In one hundred years of film we can see more prisons and houses of correction than factories and factory gates.

Whenever possible, film has moved hastily away from factories.


Film seeks to obscure itself.

The culture industries brought about a new means of organising society.


The Lumière brothers’ film functions as a bridge from the old to the new, connecting the soon to be antiquated economies of labour (through which society was structured), via their representation, to the emergent new form of dissemination of ideologies of ways of being.


Factories have not attracted film. Rather, they have repelled it.

If we line up one hundred years of scenes of people leaving factories we can imagine that the same shot had been taken over and over.

Like a child who repeats its first word for one hundred years to immortalise its pleasure in that first spoken word.

Or like far-eastern artists, who repeatedly paint the same picture until it is perfect, and the artist can enter the picture.


We used to see static when we turned on a television screen. A stasis of infinite activity. Molecular workers engaged in an arduous simulacrum of sameness.

Farocki’s film montage was broadcast on television in Germany. The workers left the factory and gathered in the auditorium.

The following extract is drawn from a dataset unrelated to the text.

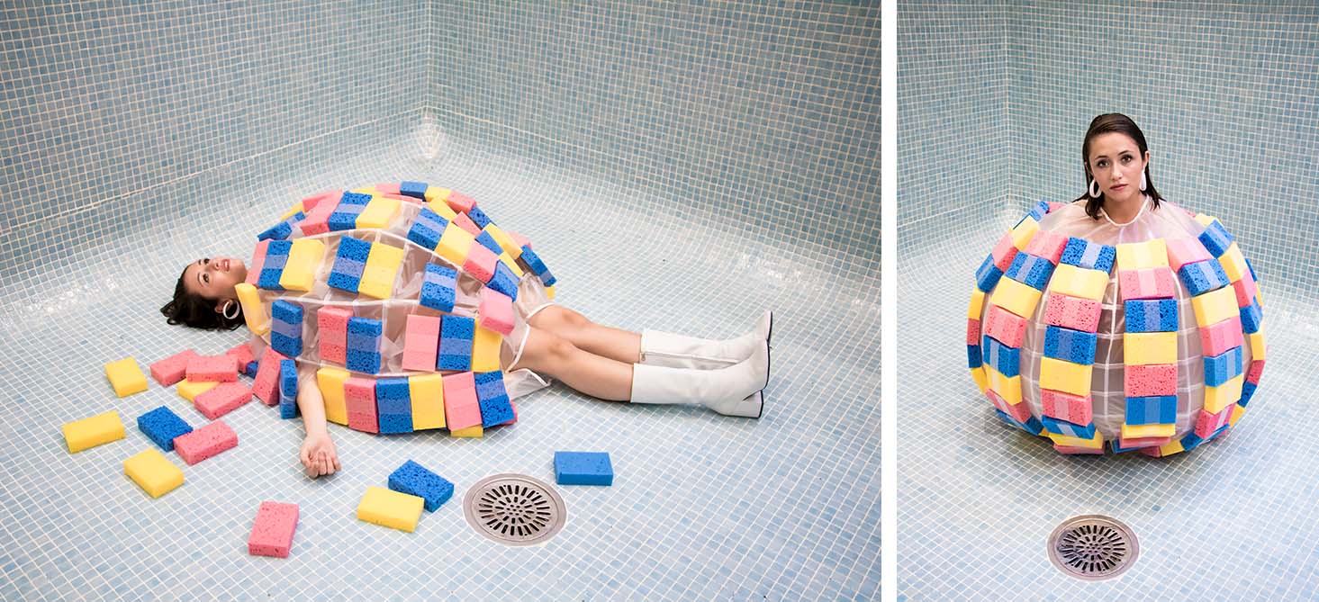 En la (figura 4) el objeto elegido era ‘la esponja’. Se presentaba de manera repetida a modo de estampado tridimensional, insertado en una estructura transparente de aspecto esférico. Trataba de reflejar la obsesión por la limpieza o ‘trastorno obsesivo-compulsivo de limpieza’. Retrataba una condición de salud mental caracterizada por pensamientos, imágenes o impulsos no deseados y recurrentes que llevan a comportamientos compulsivos que tratan de reducir la ansiedad causada por la propia obsesión. Pensamientos relacionados con la suciedad que derivan en una ansiedad extrema afectando a la vida diaria. Aunque el resultado no cumplió con los requisitos funcionales, conceptualmente y formalmente el alumno consiguió un resultado eficaz que le llevó posteriormente a mejorar sus diseños. En este caso se decidió no modificar la propuesta para cumplir con la utilidad de la prenda, ya que el perfil del alumno dominaba este tipo de competencias y se decidió por ser flexible para dejar experimentar con una manera de entender el diseño de moda más próxima al arte contemporáneo. El método proyectual en un tipo de docencia creativa no debe ser definitivo, sino flexible y modificable (Munari 1983), ya que está construido por medio del pensamiento divergente.
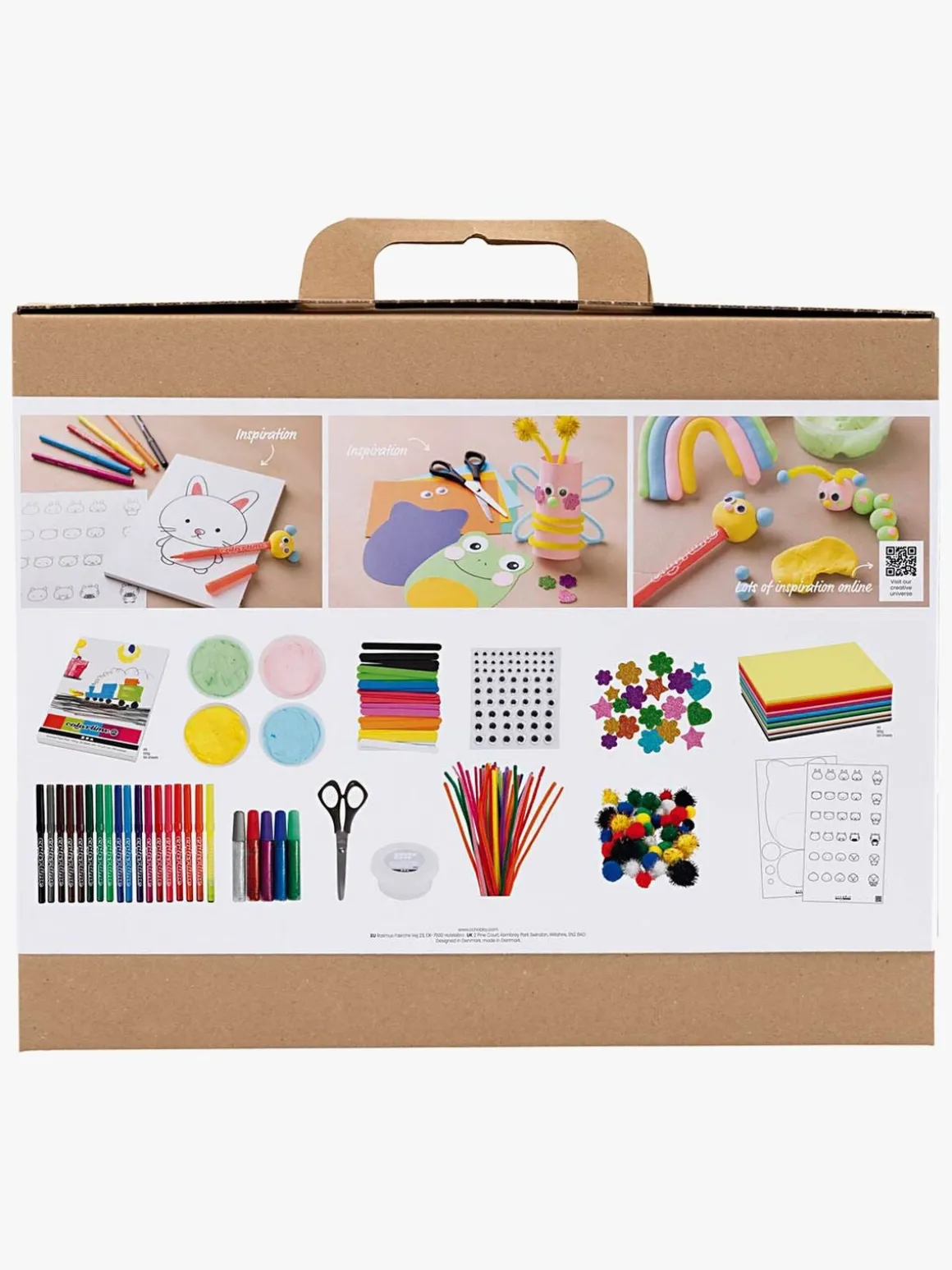 – Indeholder: Silk Clay modelleringsler, karton, markører, glitterlim, garnkvaster, chenille, pyntegummi, øjne, saks og lim.

Then, they watched themselves from the comfort of their own homes.


When we could no longer believe in such perfection, film was invented.



Striving to hold up pictures around ourselves.

¹ Harun Farocki, Arbeiter Verlassen di Fabrik [Workers Leaving the Factory] (1995)
<> [Accessed 2 January 2021].

About this work

This art-text, presented as a screenplay, offers an un-uttered response to the narration within Farocki’s work. Operating on two principal levels, it firstly seeks to re-consider the intersection of labour, exploitation, violence, the body and the sites of both the screen and the factory from a contemporary perspective. Secondly though, in its form, it seeks to make present (or perhaps remind the reader of the absence – it is never actually performed) of uttering bodies, and by extension, working bodies.